Tanhan, bilgilerin doğrudan Adalet Bakanlığı eliyle paylaşıldığı iddiasında bulundu.

DEM Parti Mardin Milletvekili Kamuran Tanhan’dan hükümete yakın medya ile bilgi paylaşımı iddiası
DEM Parti Mardin Milletvekili Kamuran Tanhan’dan hükümete yakın medya ile bilgi paylaşımı iddiası
Ömer Çelik
  • Yayınlanma: 13 Eylül 2024 01:33
  • Güncellenme: 13 Eylül 2024 09:42

DEM Parti Mardin Milletvekili Kamuran Tanhan Diyarbakır Adliyesi önünde Narin Güran cinayeti soruşturmasıyla ilgili açıklama yaptı.

Savcılığın şüphelilere ilişkin sevk yazısının müdafi avukatlara tebliğ edilmeden hükümete yakın medya organları ile paylaşıldığını söyleyen Tanhan bu durumu eleştirdi.

Kamuran Tanhan,  söz konusu bilgilerin doğrudan Adalet Bakanlığı eliyle paylaşıldığı iddiasında bulundu.

Soruşturmaya dair ciddi bir dezenformasyon olduğuna dikkat çeken Tanhan, avukatlar, savcılar ve kolluk güçleri arasında iletişimsizlik olduğunu savundu.

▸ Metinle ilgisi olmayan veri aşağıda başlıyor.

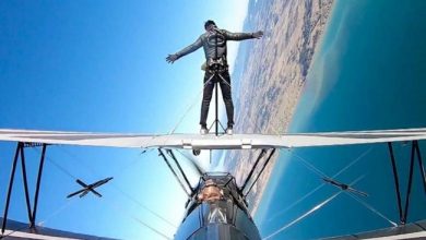 رجل يمشي على أجنحة طائرة و هي تدور بزاوية 360 درجة ! ( فيديو )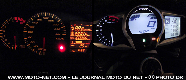Jusqu'à sa récente refonte, la FJR n'était pas non plus un modèle d'équipement... Il aura fallu attendre ce nouveau millésime 2013 pour disposer d'un régulateur de vitesse, d'un choix de cartographies d'injection ou d'un pare-brise qui ne revient pas systématiquement en position basse lorsqu'on coupe le contact ! Une commande au guidon fait également son apparition sur le commodo gauche pour contrôler les différentes infos affichées par l'ordinateur de bord.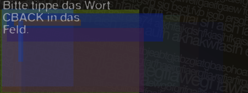 Die Visuelle Bestätigung hilft dabei automatische Spambots und Scripte von den Diensten dieses Forums abzuhalten. Derartige Scripte sind normalerweise nicht in der Lage den untenstehenden Code zu erkennen. Bitte geben Sie also in das untenstehende Feld die Buchstaben und Zahlen ein, die Sie in dem Bild erkennen können oder beantworten Sie die angezeigte Frage.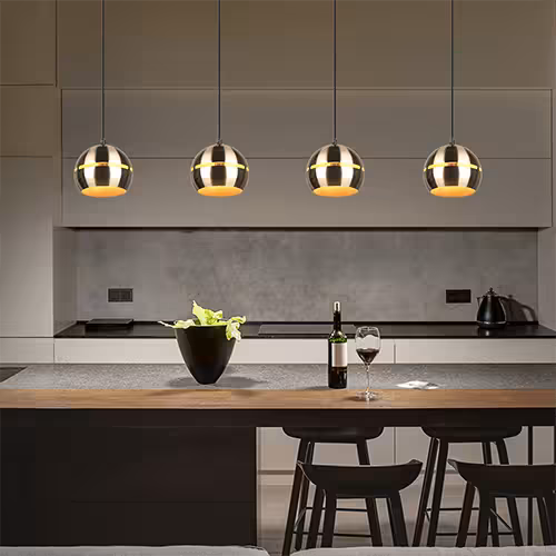 The choice of shape often depends on the individual style and size of the room. Round pendant luminaires, for example, are well suited for even light distribution over round or square tables. Linear or cylindrical and multi-flame shapes, on the other hand, can be suitable for elongated areas such as dining tables or counters, while individual spotlights are at their best above small tables.

DEM Parti, gizliliği ihlal edenler hakkında suç duyurusunda bulunacak

Aynı zamanda DEM Parti Hukuk Komisyonu üyesi olan Tanhan, soruşturma dosyasında gizlilik kararı olmasına rağmen, gözaltındaki şüphelilerin ifadelerinin ana akım medyada canlı yayınlarla paylaşılmasının suç olduğunu vurguladı. Tanhan, bu tür bilgilerin kamuoyuna servis edilmesinin, Türk Ceza Kanunu’na göre yasal ihlal teşkil ettiğini belirtti. Ayrıca, ifadelerin basına sızdırılması durumunda, gözaltına alınan ya da alınmayan şüphelilerin bu bilgilere göre pozisyon alabileceği uyarısında bulundu. Halkın haber alma hakkı olduğunu ancak gizli soruşturma ifadelerinin medyada yayınlanmasının suç teşkil ettiğini belirtti. Tanhan, Yargıtay’ın bu gizlilik ilkesini koruma yönünde içtihatları bulunduğunu ve DEM Parti’nin gizliliği ihlal edenler hakkında suç duyurusunda bulunacağını ifade etti.

‘Kim sızdırdı?’

Savcı ve avukatların dışındaki kişilerin bu ifadeleri nasıl sızdırdığına dair bir araştırma yapılması gerektiğini söyleyen Tanhan, bakanlık personeli ya da siyasi isimler tarafından bu bilgilerin medyaya servis edilmiş olabileceğine dair iddiaların olduğunu belirtti. Tanhan, “Diyarbakır Başsavcı Vekili ile görüştüğümüzde sevk işlemlerinin tamamlanmadığını öğrendik. Ancak 10 dakika sonra yandaş medya, 9 kişinin tutuklama talebiyle sevk edildiği haberini geçti. Biz avukatlar bile bu durumu yandaş medyadan öğrendik. Bu da gizlilik kararının sadece vatandaşlar ve müdafiler için geçerli olduğunu, yandaş medyanın ise bu gizlilik kuralına uymadığını gösteriyor” dedi. Tanhan, soruşturmanın başından beri etkin ve gizli yürütülmediğini de sözlerine ekledi.

Tanhan, medyada yer alan her bilginin haber yapılmaması gerektiğini vurguladı. Sosyal medyada paylaşılan bilgilerin, delil toplama sürecini zorlaştırdığına dikkat çekti. Şüphelilerin medyada çıkan haberlere göre hareket edebileceğini belirten Tanhan, basın mensuplarının bu tür konularda daha dikkatli olması gerektiğini ifade etti. Ayrıca, toplumda bu tür vahim olayların sadece magazinsel yönüyle ele alındığını söyleyerek, “Basın eliyle yapılan bu yayınlar, toplumda ciddi zararlar oluşturuyor. Bir avukat, çocuğunun televizyonda gördüğü bir haberi köyde yaşanan bir olayla ilişkilendirerek ‘Bizim başımıza böyle bir şey gelir mi?’ diye soru yönelttiğini söyledi. Bu da medyanın toplum üzerindeki olumsuz etkisini gösteriyor” dedi.